When I work with TinyMCE (3.2.1.1) in rich-text-mode and enter a   with the character map, the space is shown, but there is only a simple space when I hit TinyMCE's code button and look at the HTML.

A side-issue: When I try to add two non-breaking-spaces next to each other, I have to insert three in order to see two spaces, but when I look at the code, there is only one simple space left.

When I try the same with the "Full feature example" on the Moxiecode site, I can see the non-breaking-space-entities in the source code.

That leads me to believe that the problem lies with the Drupal implementation of TinyMCE.

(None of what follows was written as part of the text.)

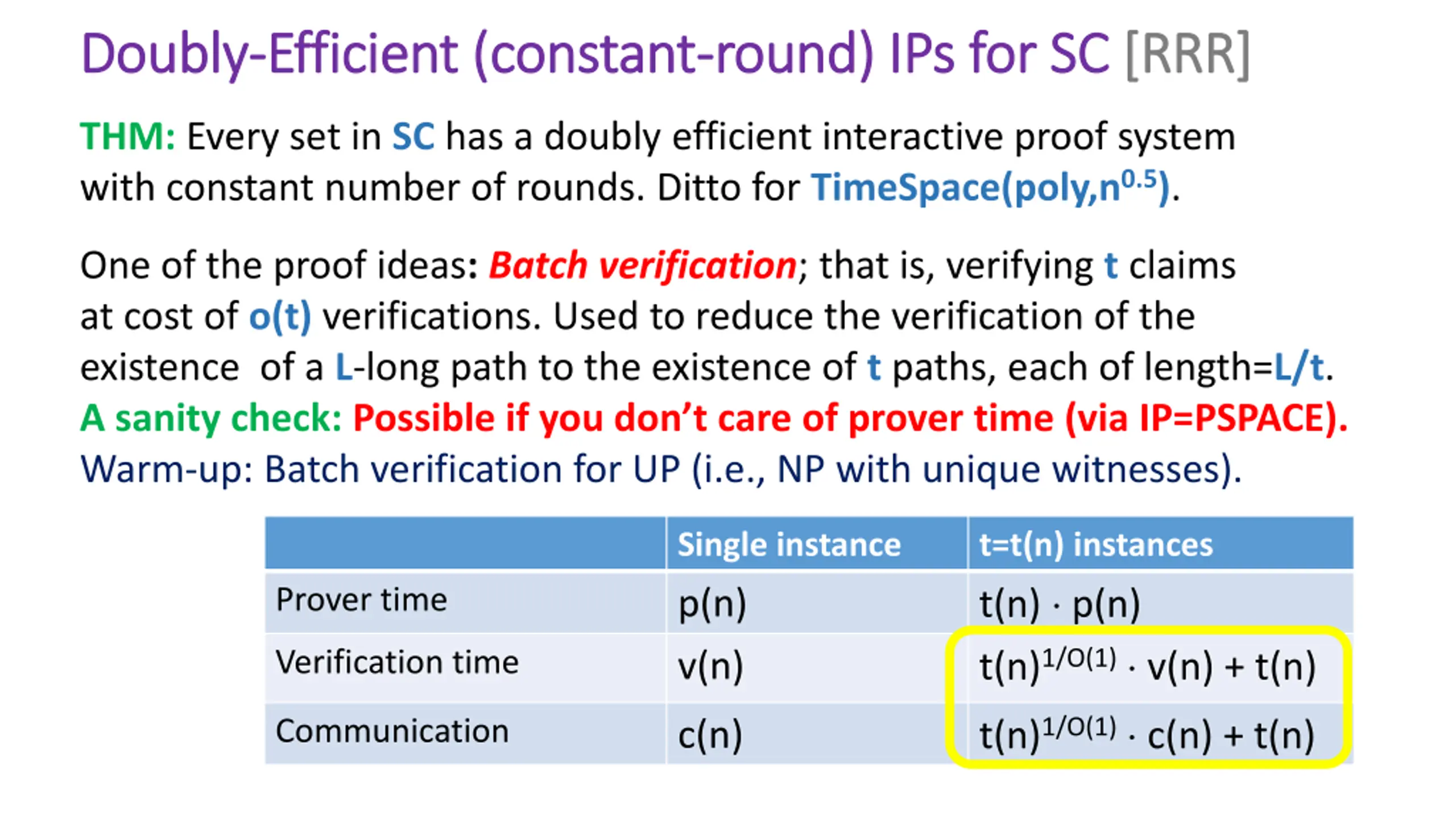 D Doubly oubly- -Efficient (constant Efficient (constant- -round) IPs for round) IPs for S SC C [RRR] [RRR] THM: Every set in SC has a doubly efficient interactive proof system with constant number of rounds. Ditto for TimeSpace(poly,n0.5). One of the proof ideas: Batch verification; that is, verifying t claims at cost of o(t) verifications. Used to reduce the verification of the existence of a L-long path to the existence of t paths, each of length=L/t. A sanity check: Possible if you don t care of prover time (via IP=PSPACE). Warm-up: Batch verification for UP (i.e., NP with unique witnesses). Single instance p(n) v(n) t=t(n) instances t(n) p(n) t(n)1/O(1) v(n) + t(n) t(n)1/O(1) c(n) + t(n) Prover time Verification time Communication c(n)
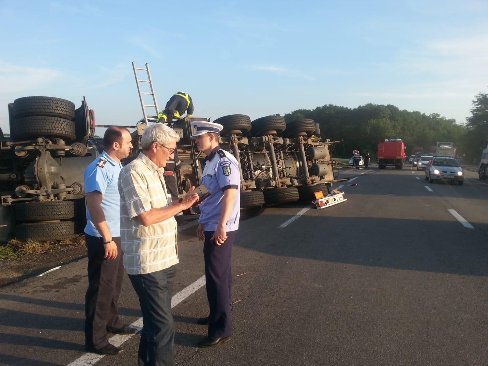 Cozi uriașe pe DN 2, la Sineşti, după ce o cisternă încărcată cu bitum s-a răsturnat

I was able to reproduce this on several installations (even under Drupal 5.12 with the old 5.x-1.9 module and TinyMCE 2.1.3 - except for the side-issue).

Support from Acquia helps fund testing for Drupal Acquia logo

Comments

spade’s picture

I got a hint to check the entity_encoding and found out it was set to 'raw'. This setting is explained here. Thanks to Pete.

Changing line 112 in sites/all/modules/wysiwyg/editors/tinymce.inc to 'entity_encoding' => 'named', solved the missing non-breaking-space-entity issue, but the question remains: shouldn't this be the default setting?

The above stated side-issue remains as well: to get one space to show, I enter one space through the character-map popup. To get two spaces I have to enter three and to get three I have to enter five. The HTML source shows one   after I entered one non-breaking-space, it shows     after three non-breaking-spaces and       after five.

sun’s picture

Status: Active » Needs review
FileSize
649 bytes

"named" is TinyMCE's default value, so we can just remove the entire setting.

I have no idea why this was set to "raw". I always thought it was because of multilingual sites, where TinyMCE would replace special UTF-8 characters, but according to the (then) used default value of http://wiki.moxiecode.com/index.php/TinyMCE:Configuration/entities, "named" will only replace well-known HTML entities.

spade’s picture

Well, thanks a bunch and keep up the good work!

sun’s picture

Title: TinyMCE filters   » TinyMCE: entity_encoding raw removes HTML entities
Status: Needs review » Fixed

Thanks, committed to all branches.

kardave’s picture

Version: 6.x-0.5 » 6.x-1.0
Status: Fixed » Active

Yes, raw was because of multilingual sites, where TinyMCE would replace special UTF-8 characters.
Now i have bunch of nodes with ugly source. All of the language specific accent chracters changed in source.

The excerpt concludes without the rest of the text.